I've been doing some tests, considering the possibility of moving to NVENC for the projects I previously reserved for x265, since I was assuming that x265 had better compressibility at the same file sizes, even though it was slower due to it being on the CPU, but some tests I've been doing seem to suggest that may not necessarily be true, but I need to do more tests to confirm that.
Anyway, one of these tests would involve HDR content, and in order to do that I am using setparams to set color space values. For my tests that's enough for now, but if I ended up using this workflow for my full projects, I'd need to make use of the "Mastering Display" and "Content Light Level" sections of the Side Data tab, as NVENC doesn't have its own sections for those settings like x265 does.
However, I noticed Maximum Luminance was limited to 4000 nits. While I of course do not have a display greater than 4000 nits, much of what I work with is video game content which can regularly exceed that. The problem is, if MaxMDL is considerably lower than the MaxCLL, many TVs will assume anything above MaxMDL should be clipped, and so it will use tonemapping curves that aren't the most optimal for the content. The HDR10 spec allows for content up to the 10,000 nit level, and MaxMDL should be allowed to be set that high as well.
Similarly, MinMDL seems to have a minimum of 0.001, whereas I am using an OLED that has absolute perfect blacks, so I'd prefer to set this to exactly 0, since most of my content does indeed make use of perfect blacks.
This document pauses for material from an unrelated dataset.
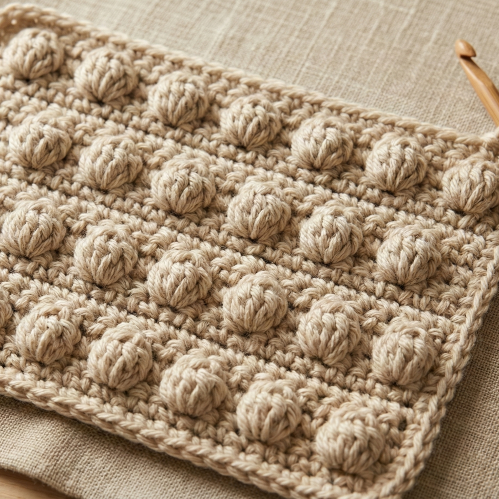 Row 3: ch 1, sc across (working sc into top of beans carefully — you can work sc into the center of each bean or into the next normal stitch so the bump shows on the RS).
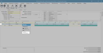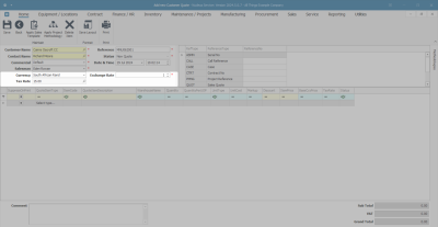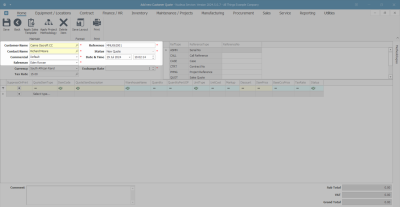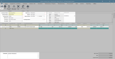 - Reference types that have references linked, will have the reference numbers populated on the screen. For example, if a quote is being raised for a particular call or contract then the call or project reference number will be listed.

So are these limitations put in place by something in ffmpeg, or were these just values you placed here based on some other information perhaps? If these could be expanded to allow the full range of 0 through 10,000, that would probably be better. Min Luminance doesn't need to go that high of course, but if you have a screen with a 1000:1 native contrast ratio and 1000 nits, then its minimum black level would be 1 nit, which isn't unrealistic, so I'd probably place the upper limit for that maybe at 5. Although I don't think many TVs actually do anything with the MinMDL setting, but it would just be better to have a wider range of possible values if possible.